Zum Buch:
In ihrem neuen Roman entwirft die französische Autorin Cecile Wajsbrot eine Dystopie in einer nahen Zukunft. Eine einsame Erzählerinnen-Stimme spricht Nacht für Nacht Texte über eine neue Gegenwart ein, in der jede Vergangenheit und jedes Erinnern verboten ist. Ein Setting, das stark an Samuel Becketts Roman Molloy erinnert. Es ist von einer Machtübernahme die Rede, von einem Moment, der sowohl Befreiungsschlag als auch Katastrophe gewesen sein könnte. Die Informationen, die wir über die neue Gesellschaftsordnung und ihre Machthaber erhalten, sind denkbar rar. Erzählungen sind aus der Mode gekommen; sind sie älter als 10 Jahre, steht ihr Besitz sogar unter Strafe. Alle Bücher wurden aus sämtlichen Häusern entfernt. Widerstand gab es wenig, zu verständlich für jeden scheinbar das von der Erzählerin beschriebene Gefühl, sich mit der Entledigung des Vergangenen nun endlich dem Wesentlichen und Zukünftigen zuwenden zu können. Der Eindruck, den wir von der Erzählerin bekommen, changiert vor dem Hintergrund ihrer vagen Angaben. Ist dieses neue Regime, von dem die Rede ist, progressiv oder reaktionär? Oder doch eine im stillen Zimmer selbst ausgeformte Verschwörungstheorie? Der Widerstand, in dem sie sich mit ihren Aufzeichnungen engagiert, bleibt ebenso ungreifbar.

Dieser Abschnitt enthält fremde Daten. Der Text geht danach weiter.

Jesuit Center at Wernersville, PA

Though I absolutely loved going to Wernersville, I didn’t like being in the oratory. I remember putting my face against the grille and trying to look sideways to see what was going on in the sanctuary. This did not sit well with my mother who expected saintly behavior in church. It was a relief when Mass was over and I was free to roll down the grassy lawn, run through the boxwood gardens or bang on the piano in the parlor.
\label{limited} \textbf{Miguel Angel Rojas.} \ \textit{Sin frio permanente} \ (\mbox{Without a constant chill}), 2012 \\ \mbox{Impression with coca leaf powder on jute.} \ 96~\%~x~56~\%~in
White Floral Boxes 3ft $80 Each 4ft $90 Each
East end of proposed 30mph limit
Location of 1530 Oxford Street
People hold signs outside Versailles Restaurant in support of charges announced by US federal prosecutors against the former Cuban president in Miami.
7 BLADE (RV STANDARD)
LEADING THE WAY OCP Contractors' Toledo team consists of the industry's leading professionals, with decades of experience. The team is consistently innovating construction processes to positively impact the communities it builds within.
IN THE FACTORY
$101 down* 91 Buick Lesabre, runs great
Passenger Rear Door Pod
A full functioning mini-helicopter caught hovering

Das mag als inhaltliche Zusammenfassung eines Romans kaum genügen. Doch das Entscheidende dieses Buches liegt nicht in seiner Handlung, seinem Personal oder seinem sozialen Kontext. Es ist die minutiöse Ausarbeitung eines Gefühls, dass die Leserin mit der Erzählerin teilt: eine Art Hilflosigkeit im Angesicht des Unwissens. Die eigene Haltung und Einschätzung zum Gelesenen verändert sich mit jeder Seite. Darin liegt einer der größten Stärken des Textes. Immer wieder glaubt man entschlüsselt zu haben, um wen es sich bei den Machthabern oder den Widerständlern handeln könnte; bis diese Vermutungen sich wieder zerschlagen.

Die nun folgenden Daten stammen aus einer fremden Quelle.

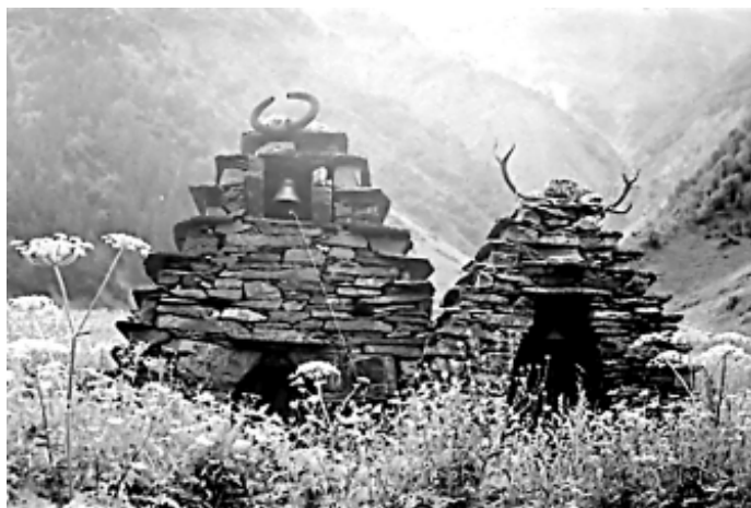
Sacred shrines decorated with antlers of ibexes and deer. Amgha village, Khevruei district, Georgia.

Before the disintegration of the Soviet Union, interethnic relations in this region were quite stable. Later, conflicts in Georgia and the Caucasus 11 influenced the situation of the local population in the Pankisi Gorge and the Akhmeta district as a whole. Relationships between the Ossets and Georgians and between the Kists and Ossets became tense. They are still tense today. The Osset inhabitants are sympathetic to the Chechen refugees, whom they see as protecting them against oppression by the Kists. The Ossets feel pressured by the Kists and have been leaving their villages in the Pankisi Gorge to resettle in Northern Ossetia. Because they often cannot sell their properties, they leave behind cultivated lands and houses built over many generations. Kists and Chechen refugees have settled in these abandoned houses. In this manner, the Osset villages of Dumasturi, Kvemo Khalatsani, and Tsinubani were vacated from 1998 to 2002. Currently, the dwellers of the village Koreti are also preparing to leave. According to one local dweller there is no other choice: Kist criminals took her son’s car. Then one night, criminals armed with automatic guns terrorized the family. Not finding any money, they took the family cow. 12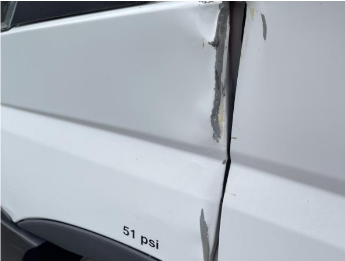
10: Wing nsf Dented With Paint Damage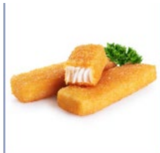
Breaded Pangasius Finger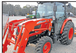
NX5510 Kioti 55hp., C/A, 4x4, loader, Like new, 22hrs. $32,900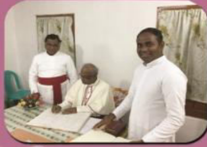
மூஞ்சிக்கல் - பங்கு விசாரணை

Die einzigen Inseln innerhalb dieses Erzählstroms sind kurze Rekapitulationen von Biographien oder Werken von Autor*innen, deren Geschichten ebenfalls Zensur und Zerstörung unterworfen waren. Zum Beispiel die Anstrengungen Nadeschda Mandelstams, die die Gedichte ihres Mannes im Exil aus dem Gedächtnis niedergeschrieben hat. Sie bilden kurze Erholungsmomente, für die man unwahrscheinlich dankbar ist.

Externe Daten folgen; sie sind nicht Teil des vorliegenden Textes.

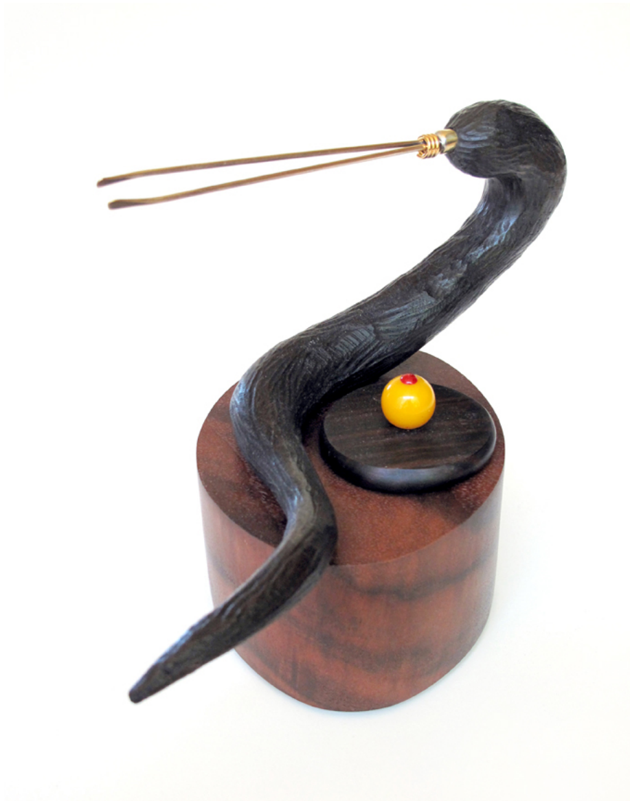
Garry Knox Bennett Roach Clip, Snake with Box, 2014 8 X 4 1/2 X 5"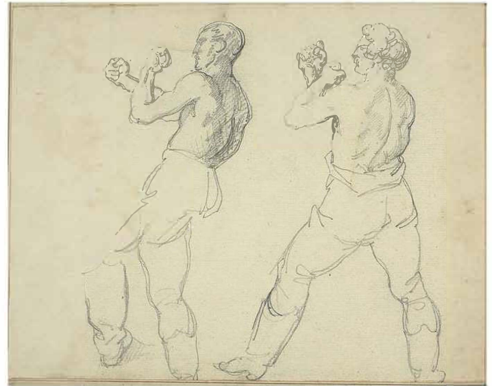
Jean Louis André Théodore Géricault. Two Boxers Facing Left. 1818–1824. The Art Institute of Chicago.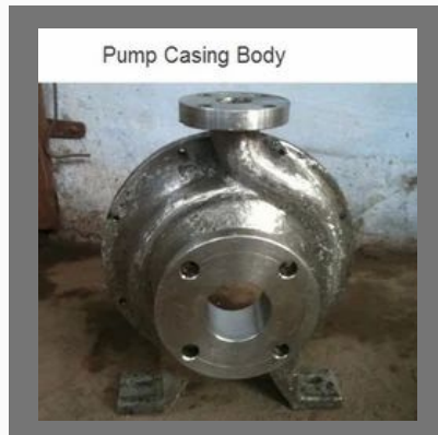
Pump Casing Body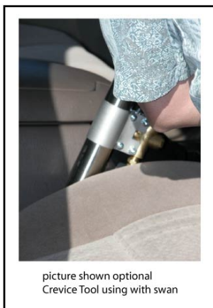
picture shown optional Crevice Tool using with swan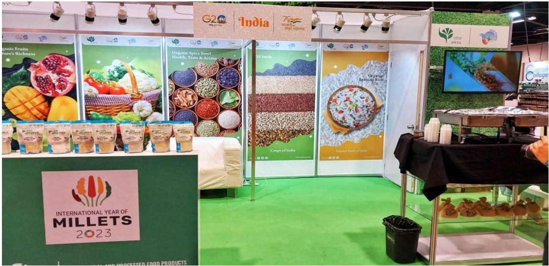
APEDA INDIA PAVILION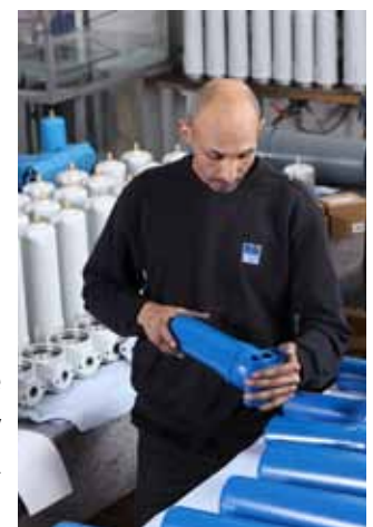
Inhouse quality control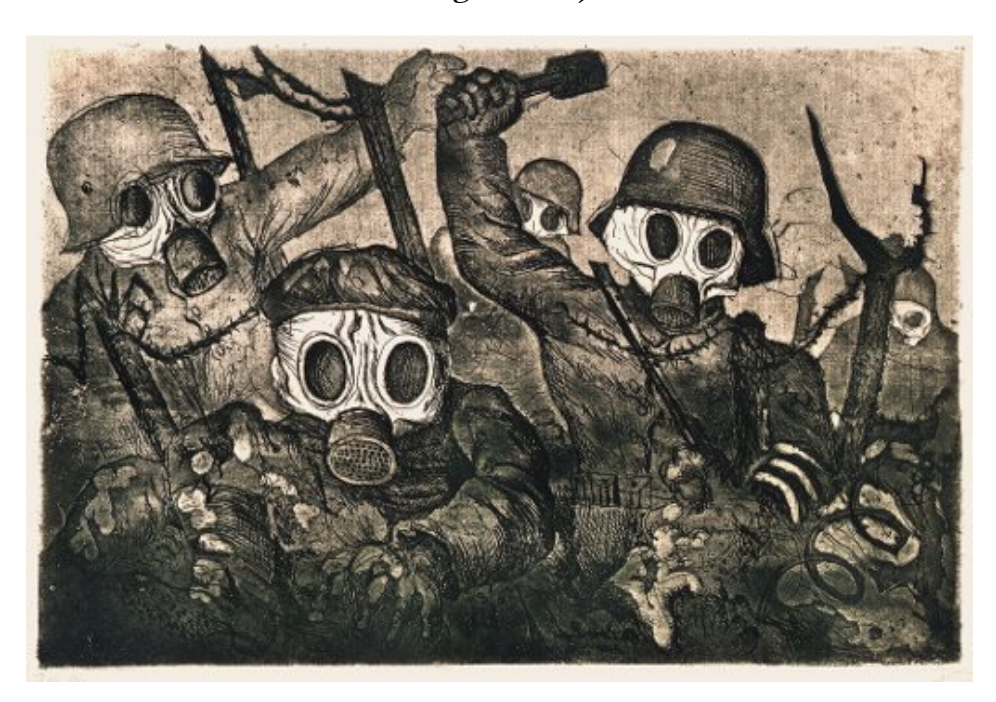
Otto Dix, "Storm Troopers under Gas Attack" (1924)

Wajsbrots faszinierender Text ist eine Studie über Konturlosigkeit, Unwissen und Hoffnung. Aber vor allem ist es die Ausarbeitung der Vorstellung einer radikalen Gegenwart, in welcher es kein Erzählen mehr geben kann. Die genaue Übersetzung durch Anne Weber lässt die Einfühlung spüren, mit der Cécile Wajsbrot ihre Protagonisten betrachtet, das Vertrauen, das diese in ihr unsichtbares Gegenüber setzt, als ebenso notwendig wie fragwürdig erscheinen. Ein großartiges Buch über Ratlosigkeit, Hoffnung, Skepsis und Erinnerung. Kurz: ein Buch, dass uns die Gefahren und Möglichkeiten des (unzuverlässigen) Erzählens vorführt.